[Consequences]
•••
“Anak Ibu masak apasih?”
Pemuda berumur dua puluh empat tahun itu menoleh kebelakang, mengulas sebuah senyum lebar pada wanita paruh baya yang tengah berjalan mendekat ke arahnya.
“Aku belajar bikin kue tart hehe.”
“Siapa yang ulang tahun?”
New menghentikan kegiatanya, mulai menaruh semua perhatian pada wanita paling cantik di dunia ini, “Gak ada yang ulang tahun Ibu ku sayang, New cuma mau menormalisasikan ngasih kue tart bukan karena ada acara-acara tertentu.”
Ibunya hanya menggeleng sembari menaampilkan senyum tipis, “Kamu ini ada-ada saja memang, mau bikin kue yang gimana, nak?”
“Seperti ini Bu,” New menjawab sembari memperlihatkan ipad-nya pada sang Ibu, “Ala-ala korea begitu hahaha.”
“Ayo kita buat bareng-bareng, ini buat Tay tawan ya?”
Anaknya tak menjawab, namun semburat merah itu hadir mengiasi pipinya, sang Ibu mengulas senyum tipis, ia tak lagi butuh jawaban dari anak sematawayangnya ini.
•••
Sebuah senyum pemilik iris kelabu itu perlahan terukir dengan begitu indahnya, menatap pantulan dirinya di depan cermin, setelah dirasa cukup, lelaki manis itu langsung meraih botol kaca berisikan pafrum miliknya.

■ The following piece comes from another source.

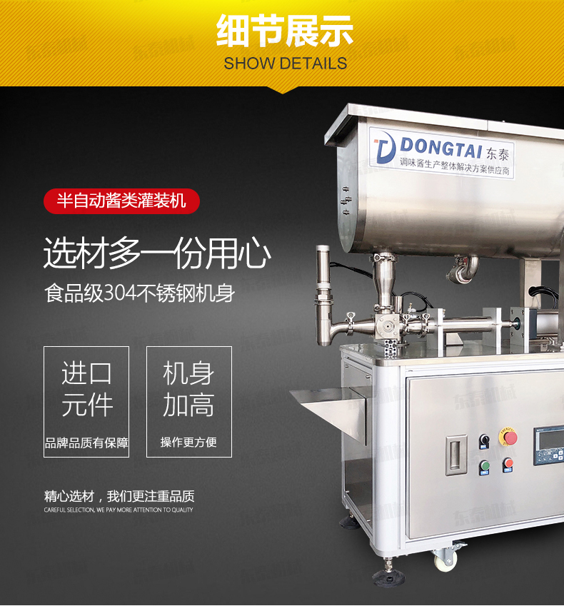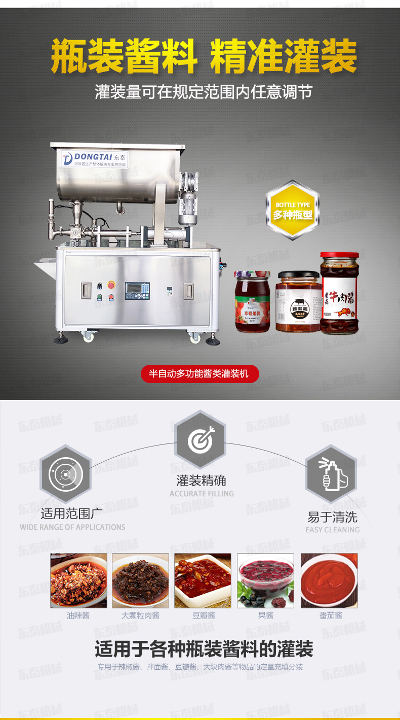 半自動灌裝機械,配置的自動攪拌器,保證了醬和油的充分混合,可灌裝顆粒漿狀流體物料在對辣椒醬、拌面醬、豆鼓等醬類進(jìn)行灌裝時,灌裝量可在規(guī)定范圍內(nèi)任意調(diào)節(jié),計量誤差小,該半自動醬類灌裝機采用壓縮空氣為動力可在各種環(huán)境中使用。

Melirik jam yang melingkar di tangan kirinya, pukul delapan malam tertara disana, lekas-lekas ia berjalan ke arah nakas, mengambil kunci mobil dan sebuah paper bag berisikan kue buatannya bersama sang Ibu tadi sore.

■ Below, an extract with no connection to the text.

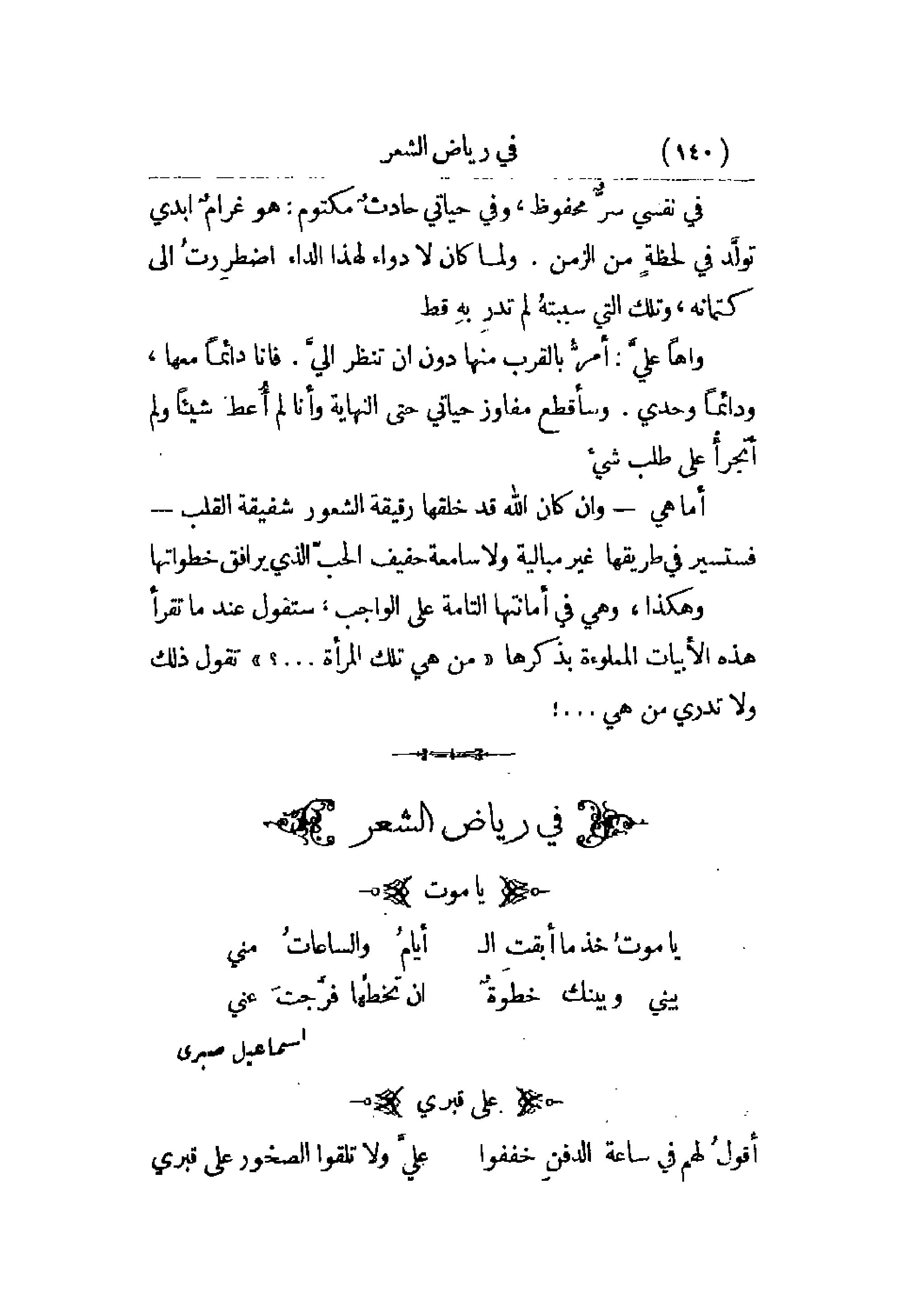 في نفسي سرٌّ محفوظ، وفي حياتي حادثٌ مكتوم: هو غرامٌ أبدي تولّد في لحظةٍ من الزمن. ولما كان لا دواء لهذا الداء اضطررت إلى كتمانه، وتلك التي سببته لم تدر به قط.

Setelah pamit, New langsung saja mengendarai mobil bewarna putih miliknnya dengan kecepatan sedang, debaran jantungnya menggila hanya karena wajah Tay tawan tiba-tiba muncul di ingatannya, lagu berjudul Resah milik Payung teduh mengalun menemani kesendiriannya malam ini.
New memang tak memberi tahu sang kekasih dengan kedatangannya kali ini, ia mau memberi kejutan saja. Karena beberapa hari sebelumnya mereka sempat terlibat perang dingin.